FIGS. 3A through 5B show the movement of the adjustable flow control device 300 between two positions, wherein each position causes the formation fluid to flow through a different channel of the multi-channel flow member 304 and into the tubular 302. In aspects, the multi-channel flow member 304 includes a plurality of channels configured to enable selected fluids to flow into the tubular 302 while restricting flow of other fluids. A wireline tool or other suitable device may be used to move the inner member or collet 324 within the tubular 302 to cause adjustment of the adjustable flow control device 302. The process shown in FIGS. 3A through 5B may be repeated as many times as desired to set the adjustable flow control device 300 to a selected position.

In another embodiment, an electromagnetic and/or electrical mechanical device may be used to adjust the position of a flow control device, wherein a wireline or slickline may communicate command signals and power to control the fluid flow into the tubular.
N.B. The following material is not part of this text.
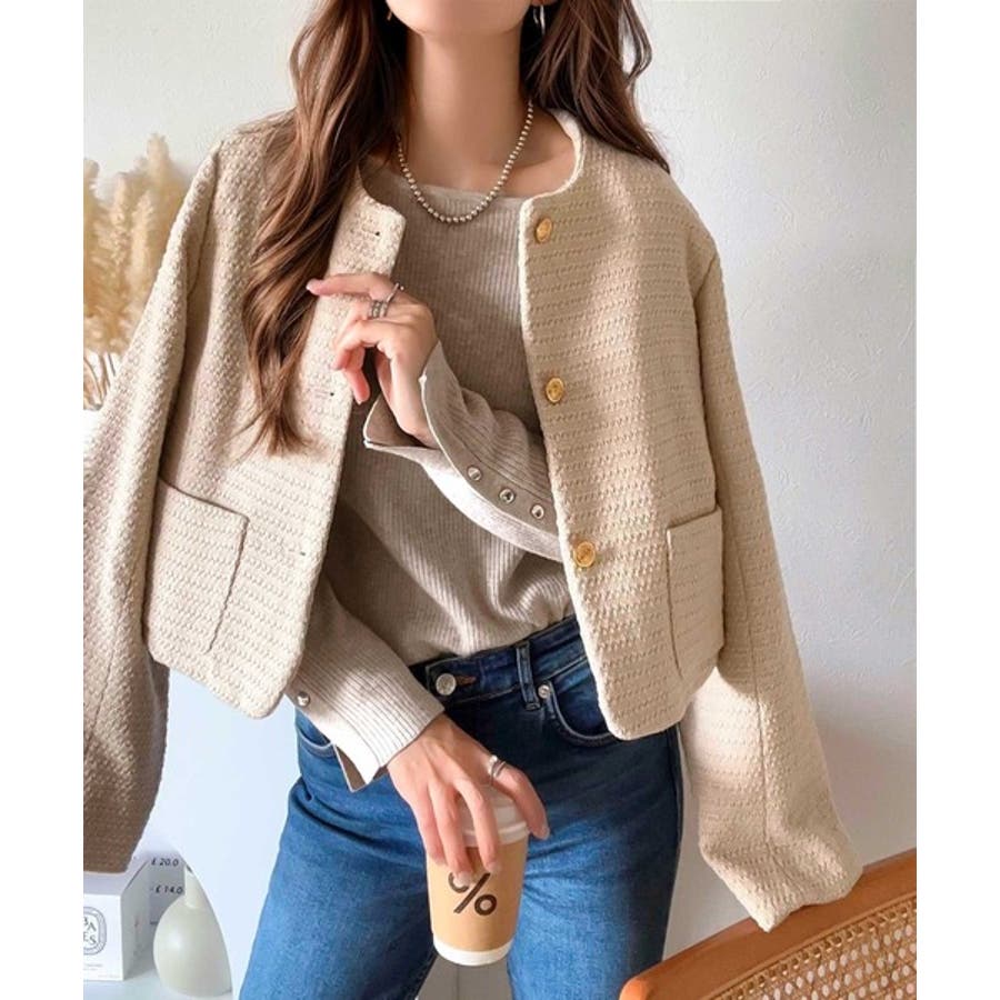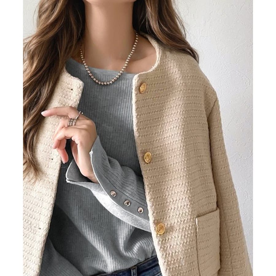 トレンド感満載の袖ボタンが女性らしい華やかな雰囲気。

FIG. 6A is a sectional view of an embodiment of a tubular 602 and adjustable flow control device 600 in a first position. As depicted, the adjustable flow control device 600 is shown prior to shifting or adjusting the flow path into the tubular 602. The adjustable flow control device 600 includes a multi-channel flow member 604 that contains a series of stages 606. The stages 606 enable flow of fluids through a flow port 607 into the tubular 602. In an embodiment, a plurality of flow ports 607 are positioned circumferentially about the tubular 600. A setting device 605 includes a rotationally indexed member 608 with a recessed portion 610 that selectively exposes one the flow ports 607. The rotationally indexed member 608 includes a track 612 and pin 614 that cooperatively control movement of the rotationally indexed member 608. In an aspect a plurality of pins 614 may be positioned within the track 612 to ensure stability during rotational movement. In aspects, the track 612 is a patterned opening in the member that enables rotational and axial movement to adjust flow of fluid through the adjustable flow control device 600.
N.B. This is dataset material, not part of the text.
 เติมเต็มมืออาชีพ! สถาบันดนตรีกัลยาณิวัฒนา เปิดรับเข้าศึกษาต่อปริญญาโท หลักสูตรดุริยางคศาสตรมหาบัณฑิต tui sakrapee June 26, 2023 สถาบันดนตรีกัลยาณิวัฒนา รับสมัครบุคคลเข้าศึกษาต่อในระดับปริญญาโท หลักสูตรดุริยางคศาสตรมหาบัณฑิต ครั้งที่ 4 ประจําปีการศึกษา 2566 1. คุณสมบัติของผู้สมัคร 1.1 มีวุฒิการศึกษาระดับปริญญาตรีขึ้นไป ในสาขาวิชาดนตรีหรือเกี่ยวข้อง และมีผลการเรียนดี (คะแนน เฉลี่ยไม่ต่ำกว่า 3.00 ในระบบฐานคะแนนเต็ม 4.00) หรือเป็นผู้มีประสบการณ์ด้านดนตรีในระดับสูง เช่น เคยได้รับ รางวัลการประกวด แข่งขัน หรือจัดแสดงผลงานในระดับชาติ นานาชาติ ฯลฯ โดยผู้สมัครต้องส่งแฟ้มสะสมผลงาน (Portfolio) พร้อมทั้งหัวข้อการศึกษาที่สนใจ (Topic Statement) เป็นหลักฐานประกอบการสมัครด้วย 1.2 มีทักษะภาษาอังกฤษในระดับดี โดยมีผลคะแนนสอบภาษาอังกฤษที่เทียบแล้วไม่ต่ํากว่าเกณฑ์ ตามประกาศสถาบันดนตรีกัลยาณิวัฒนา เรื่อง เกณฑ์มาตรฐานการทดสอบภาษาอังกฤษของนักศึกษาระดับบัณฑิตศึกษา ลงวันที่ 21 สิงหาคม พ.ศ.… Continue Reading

The setting device 605 also includes a biasing member 620 and guide sleeve 616, each located outside of tubular 602. The guide sleeve 616 is coupled to the rotationally indexed member 608 for axial movement 617 as well as independent rotational movement of the components relative to one another. A magnetic member 618 is positioned in the guide sleeve 616 to enable a magnetic coupling to components inside the tubular 602. In one aspect, a plurality of magnetic members 618 may be circumferentially positioned in the sleeve 616. As illustrated, the guide sleeve 616 is also coupled to a biasing member 620, such as a spring, that resists axial movement 617 when compressed. The biasing member 620 is secured to the tubular 602 on the end opposite the guide sleeve 616. As shown, the pin 614 is positioned near a first end of the track 612 (or downhole axial extremity). In other aspects, the guide sleeve 616 may be metallic or magnetized, thereby providing a coupling force for a magnet inside the tubular 600.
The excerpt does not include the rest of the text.